I've fished very little below Foote in the past years but used to fish there over thirty years ago. I remember the thundering when the big jets out of the air force base blasted over the canyon.
What I remember about water flow was that it changed constantly throughout the day. The river would be slowly getting lower then a loud alarm from the dam would go off indicating that they were going to let more water through. The river would start to rise and you would have to back up as it would start to come up on your waders. Sometimes shore ice would have formed and would now be under water and invisible. Talk about slicker than cat ***** on a freshly waxed floor, under water ice is not fun. 
Still work that way? I don't recall seeing/hearing it like that the last couple of times I was there.
Anyone else remember what I described? Memory isn't what it used to be but that is how I remember it.


----------



## ausable_steelhead (Sep 30, 2002)

Davelobi said:


> What I remember about water flow was that it changed constantly throughout the day. The river would be slowly getting lower then a loud alarm from the dam would go off indicating that they were going to let more water through.

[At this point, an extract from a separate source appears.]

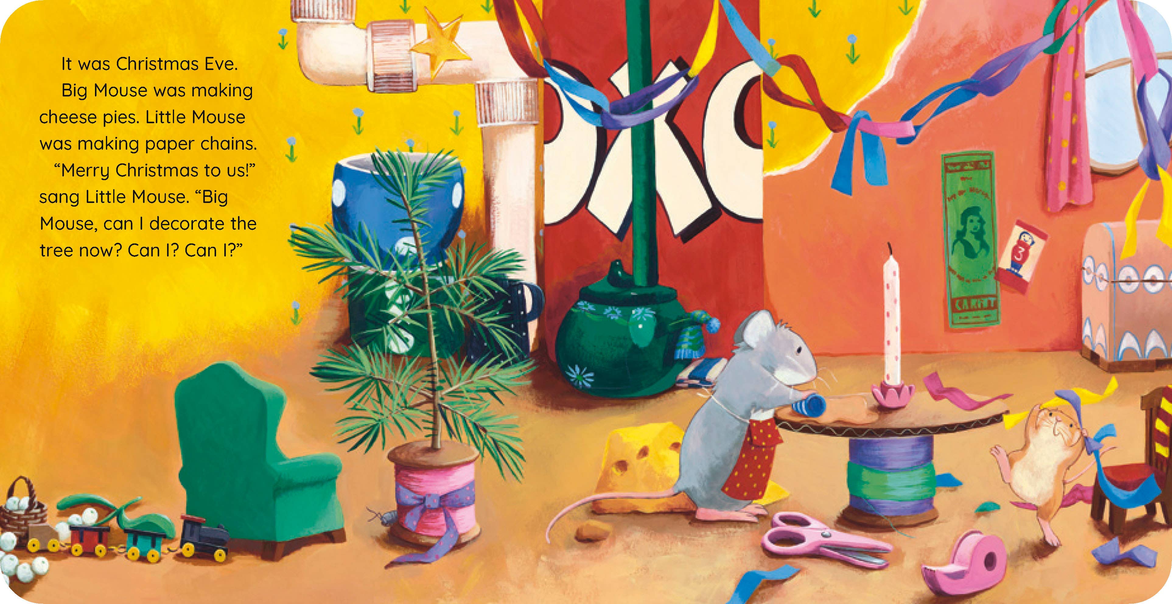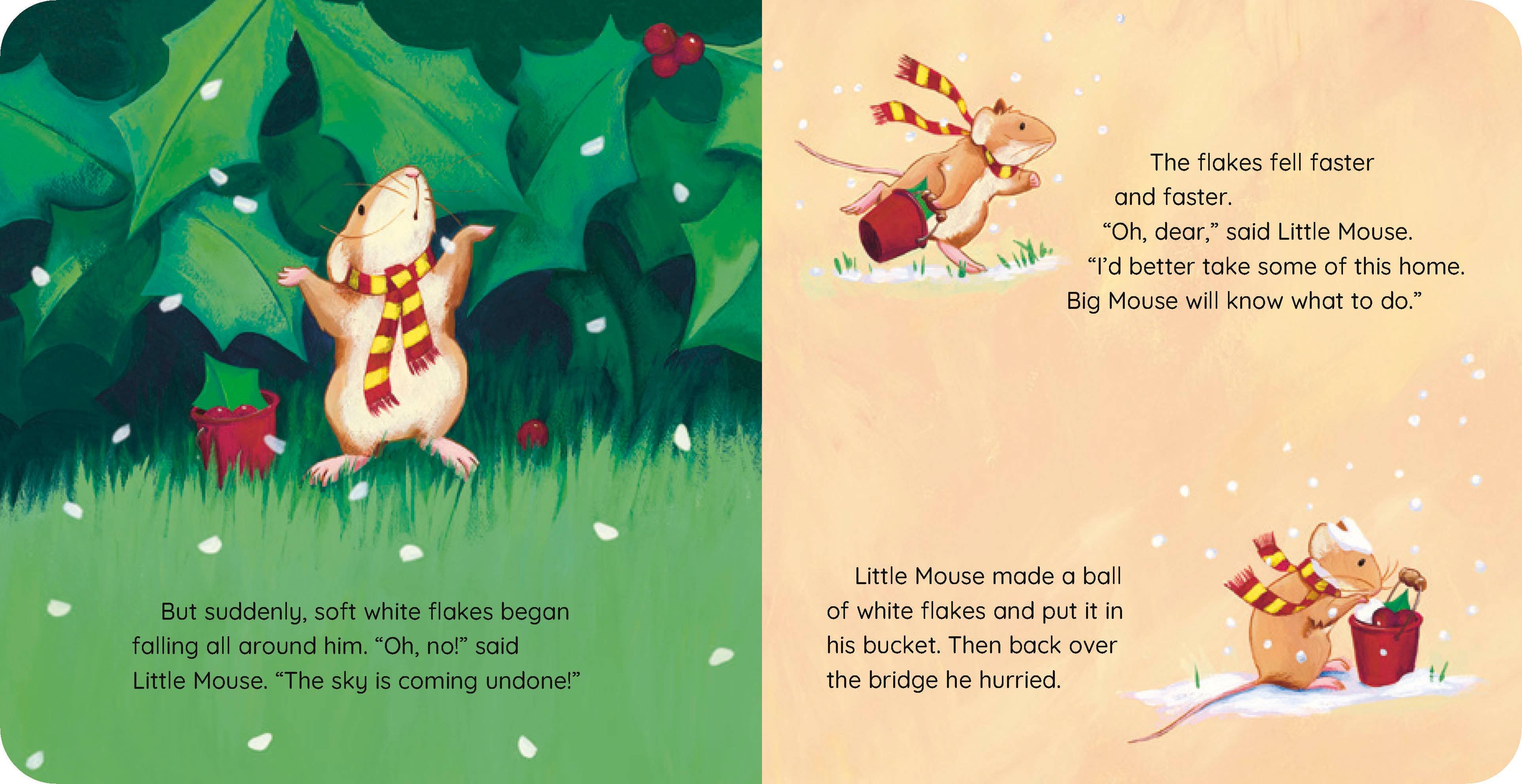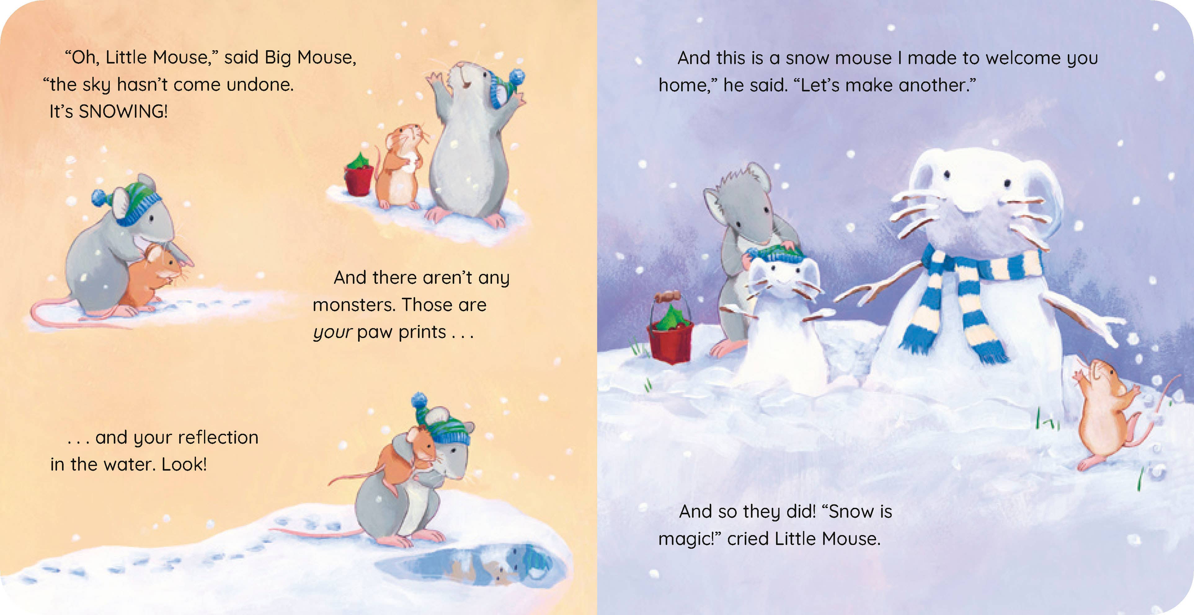 In this sweet story now available in board book format, it's Christmas Eve, and Big Mouse and Little Mouse are decorating the tree. Little Mouse notices that they don't have any holly, so he sets out to find some. It begins to snow, and Little Mouse is scared that the sky is coming apart! Then he sees his reflection in the pond and thinks it's a monster--and when he runs away and discovers paw prints behind him (his own), he thinks the monster is chasing him! Can Big Mouse show him that there really is nothing to be afraid of?

The river would start to rise and you would have to back up as it would start to come up on your waders. Sometimes shore ice would have formed and would now be under water and invisible. Talk about slicker than cat ***** on a freshly waxed floor, under water ice is not fun.
> Still work that way? I don't recall seeing/hearing it like that the last couple of times I was there.
> Anyone else remember what I described? Memory isn't what it used to be but that is how I remember it.


Back in 1992 or 94, they went to "run-of-river", instead of a peaking operation. The surges and subsequent drops you see now are not the same thing. They stopped the peaking because of MASS bank erosion, which used to wash tons of sand into the river. The Au Sables name means "river of sands" and that is why it's nickname is the "Big Sandy". 

Winter is the only time you see the flows managed as they've been. The biggest issue is the steep draw downs, that ends up locking most of the river up, and the creation of treacherous at times, shelf ice. The slick footing you describe is anchor ice, and it is indeed dangerous.

While we all understand the slushing/freezing nature above Alcona, it's a problem they could fix. Change the location to a deeper, more stable section of river. There is no reason for the Au Sable river below Foote dam to ever go below 800-900cfs. That exposes gravel, killing insects, invertebrates, and any salmon/trout eggs from late fall. The gauge excuse is just that it seems; an excuse to do what they wish in order to make the most money. Profit should NEVER be put above a natural resource.


----------



## herb09 (Jan 11, 2009)

Well said Jon.


----------